One major challenge that students face in understanding nonfiction text is that the vocabulary is often unfamiliar.  Students need to be taught word learning skills so that they can infer the meaning of new words. There are some interesting ways that you can enhance vocabulary teaching in your classroom.

It’s Greek (or Latin) to Me

Word learning skills include teaching students about affixes (prefixes, roots, and suffixes).  Ninety percent of English words with more than one syllable are based on Latin roots.  The remaining 10% are mostly Greek. A single Latin root generates 5-20 English words. Using traditional methods of memorizing vocabulary, you can only learn about 8-10 words a week. From a single root, students gain 5-20 words.   When students understand roots, they can analyze word meaning.

For example, teach students that “terre” means land.  Then have students figure out the meanings of: terrain, terrace, terrarium, terrestrial, extraterrestrial, subterranean, Mediterranean, terracotta, and terra nova.
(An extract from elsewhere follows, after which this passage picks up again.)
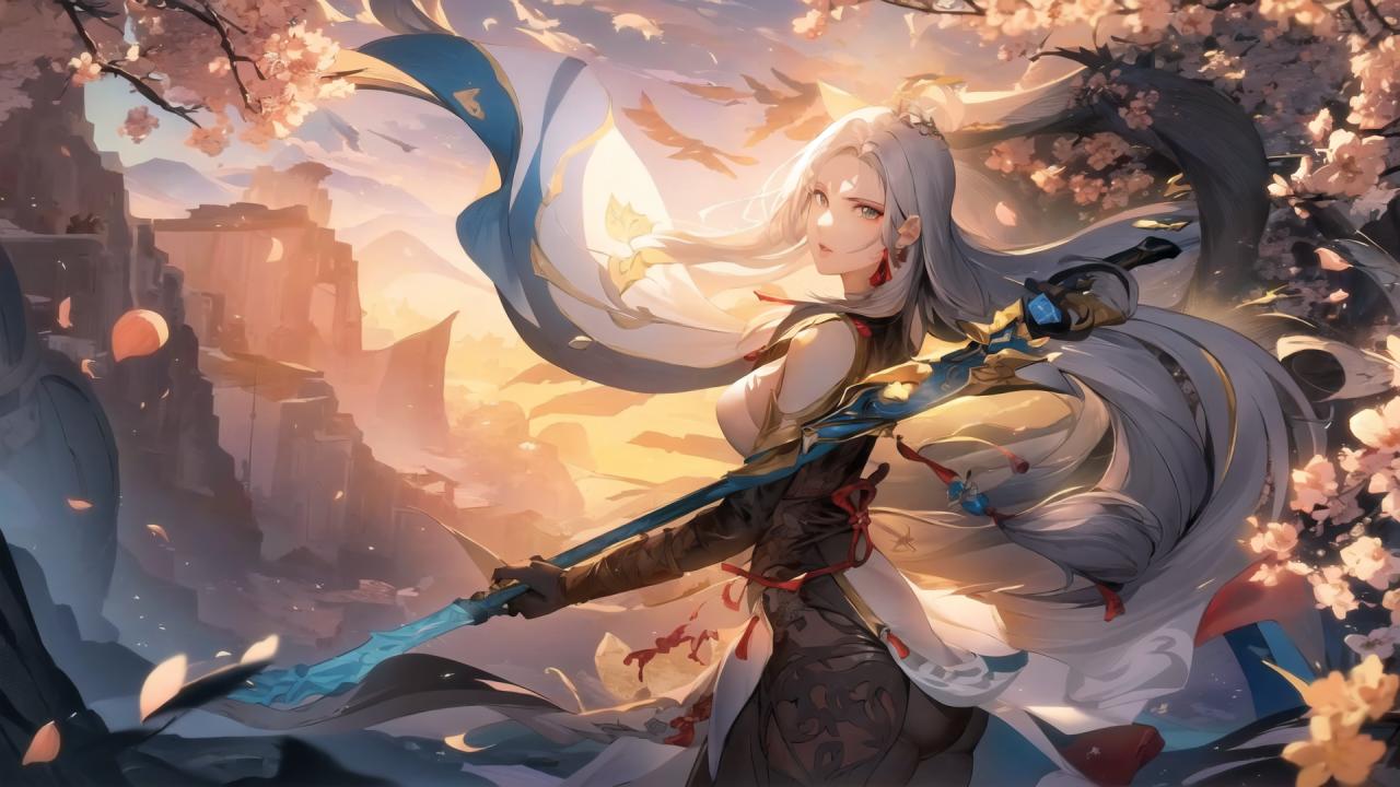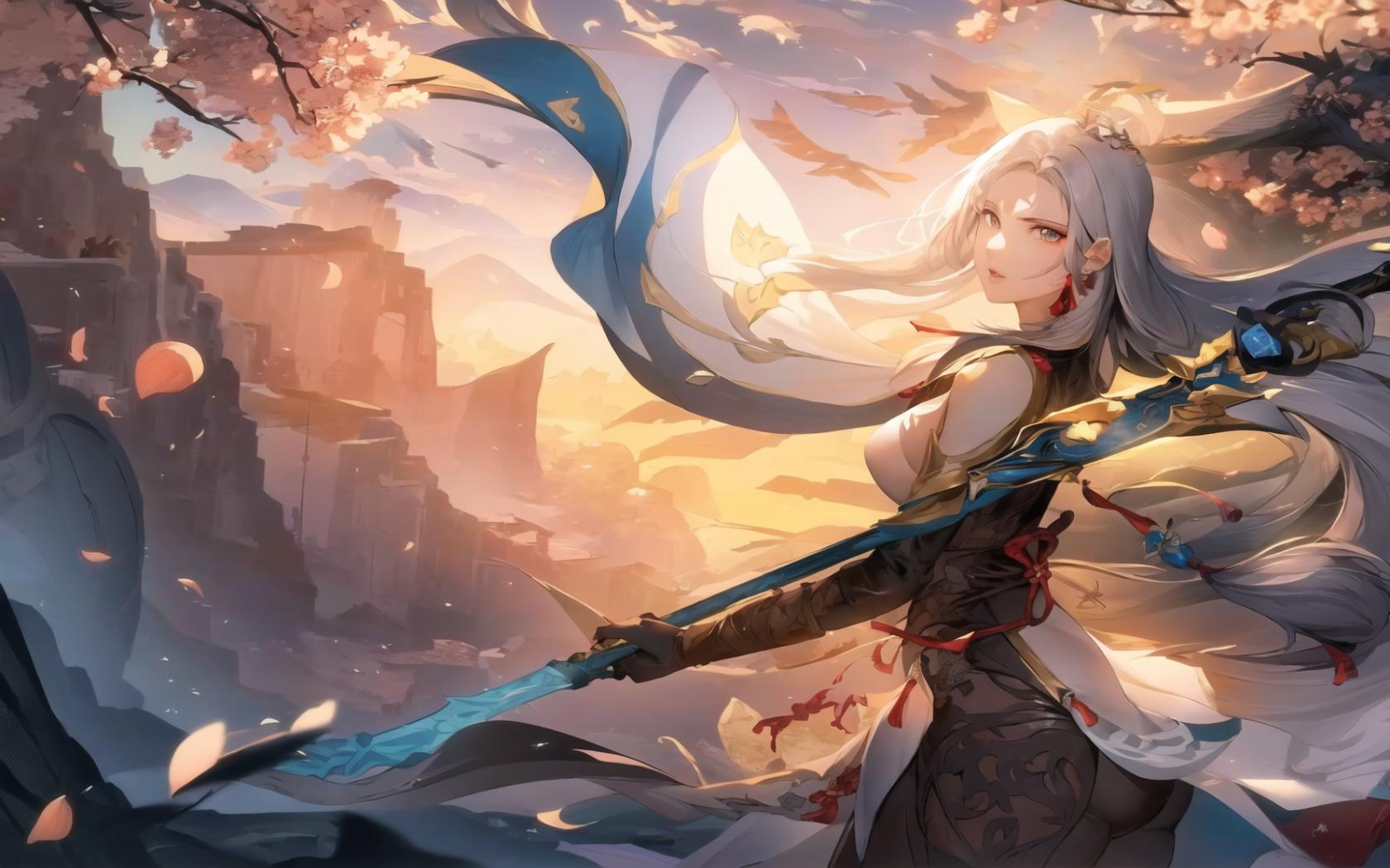 | Prompt | ( fantasy art:1.2),(epic, heroic, dramatic lighting:1.7),(highly detailed:1.5),(romantic:1.2), (perfect artwork), best quality,(8k), (4k),(Masterpiece), (Best Quality), extremely detailed, intricate, hyper detailed, illustration, clearly worked out detail, intricate, cinematic,(depth of field), <lora:shenhe2:1>shenhedef, long white hair in the wind,((medium breast)), wind, day, (((sunrise))), chinese forest background, spring, green, flowers,sakura blossoms, sakura trees, ((holding weapon)), (sexy), |

Students love challenges.  Here are a few simple word learning activities that promote comprehension:

Before Reading

  • Categorizing Vocabulary: Write new text vocabulary on the board. Students work in pairs to group these terms in categories to figure out what the text will be about. They can check to see if they were correct as they read.
  • Word Splash: Choose key words and concepts from the text. Write these groups of words in boxes on the board. Have students predict how these words/concepts work together. After reading, they can discuss how their ideas changed and why.

While Reading

  • Visualize Vocabulary: Have students identify words they feel are important as they read, and draw pictures to depict their importance.
  • Word Webbing: Have students create webs to show they understand the connections between different words.  Here’s an example for the animal kingdom:
  • Word Riddles: Have students select words from the text and write riddles with 3 or more clues, such as synonyms, number of syllables, root meaning, antonyms, etc.

After Reading

  • Word Theater: Write new vocabulary on the board.  Give each student a “secret” word from the list to act out.  See if their classmates can figure out what they mean.
  • 20 Questions: Place vocabulary words cards in a bag.  The person who’s “it,” picks a word. Others guess by asking up to 20 yes/no questions.  Person who figures the word out is “it.”